• Work item
Nothing but the lines below from the one that contains "W tym modelu drewnianych" through the one that contains "Les trois soeurs, d'Anton" should be retyped, exactly and including both ends. Do not include pictures.

====== Data records ======

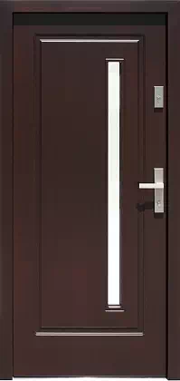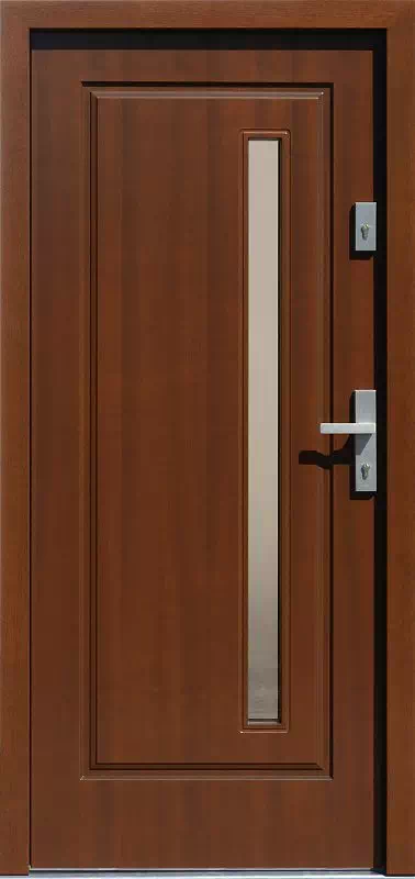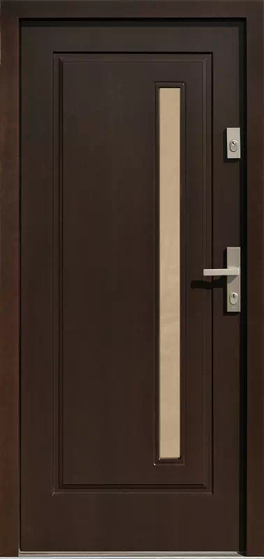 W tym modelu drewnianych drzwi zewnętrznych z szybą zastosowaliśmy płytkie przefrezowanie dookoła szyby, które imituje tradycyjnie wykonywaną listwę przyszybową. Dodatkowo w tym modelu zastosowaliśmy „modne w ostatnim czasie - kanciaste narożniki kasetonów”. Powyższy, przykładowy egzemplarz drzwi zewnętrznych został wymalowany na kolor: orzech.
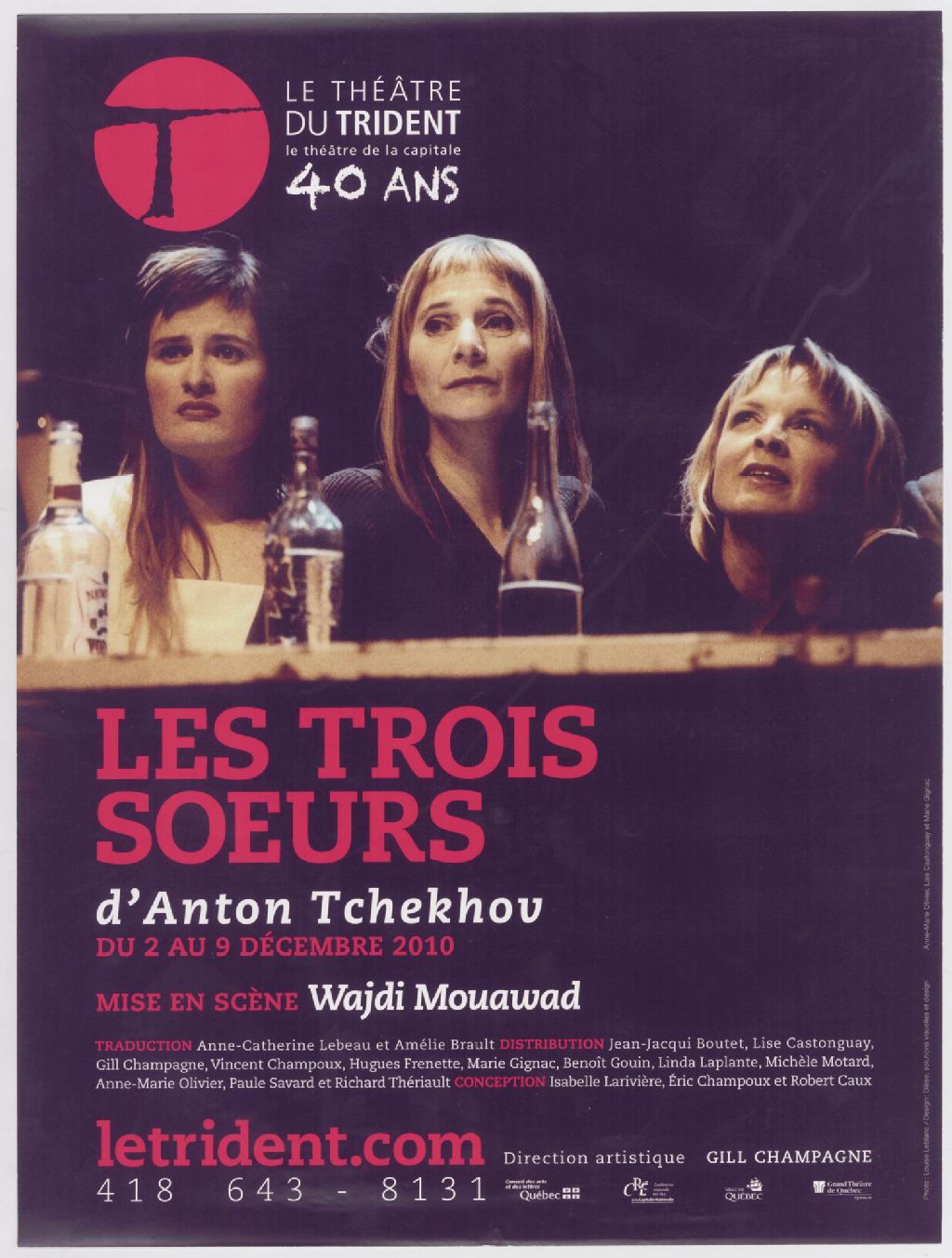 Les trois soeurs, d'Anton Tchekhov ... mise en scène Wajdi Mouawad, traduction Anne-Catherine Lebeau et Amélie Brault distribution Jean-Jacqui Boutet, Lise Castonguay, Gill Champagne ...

======
====== Data records ======

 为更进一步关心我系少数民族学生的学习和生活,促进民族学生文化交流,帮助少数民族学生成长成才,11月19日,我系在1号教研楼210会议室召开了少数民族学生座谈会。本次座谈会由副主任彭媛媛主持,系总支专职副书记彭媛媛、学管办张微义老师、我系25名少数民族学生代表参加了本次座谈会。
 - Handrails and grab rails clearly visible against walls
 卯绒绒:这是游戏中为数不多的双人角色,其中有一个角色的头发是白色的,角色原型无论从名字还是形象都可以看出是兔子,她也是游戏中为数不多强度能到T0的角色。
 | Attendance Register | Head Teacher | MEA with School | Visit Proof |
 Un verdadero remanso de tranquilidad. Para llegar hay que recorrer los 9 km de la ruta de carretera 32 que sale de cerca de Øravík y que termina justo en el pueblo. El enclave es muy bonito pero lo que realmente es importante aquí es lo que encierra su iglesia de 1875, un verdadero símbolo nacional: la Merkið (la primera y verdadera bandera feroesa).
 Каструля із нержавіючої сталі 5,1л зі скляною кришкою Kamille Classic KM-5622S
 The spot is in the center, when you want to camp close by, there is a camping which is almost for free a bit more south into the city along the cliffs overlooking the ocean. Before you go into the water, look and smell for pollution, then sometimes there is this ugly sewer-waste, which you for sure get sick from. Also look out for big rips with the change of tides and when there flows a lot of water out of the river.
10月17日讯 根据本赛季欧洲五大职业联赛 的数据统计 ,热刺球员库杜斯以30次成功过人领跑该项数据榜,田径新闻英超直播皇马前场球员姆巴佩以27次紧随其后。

======

• Answer box
 W tym modelu drewnianych drzwi zewnętrznych z szybą zastosowaliśmy płytkie przefrezowanie dookoła szyby, które imituje tradycyjnie wykonywaną listwę przyszybową. Dodatkowo w tym modelu zastosowaliśmy „modne w ostatnim czasie - kanciaste narożniki kasetonów”. Powyższy, przykładowy egzemplarz drzwi zewnętrznych został wymalowany na kolor: orzech.
 Les trois soeurs, d'Anton Tchekhov ... mise en scène Wajdi Mouawad, traduction Anne-Catherine Lebeau et Amélie Brault distribution Jean-Jacqui Boutet, Lise Castonguay, Gill Champagne ...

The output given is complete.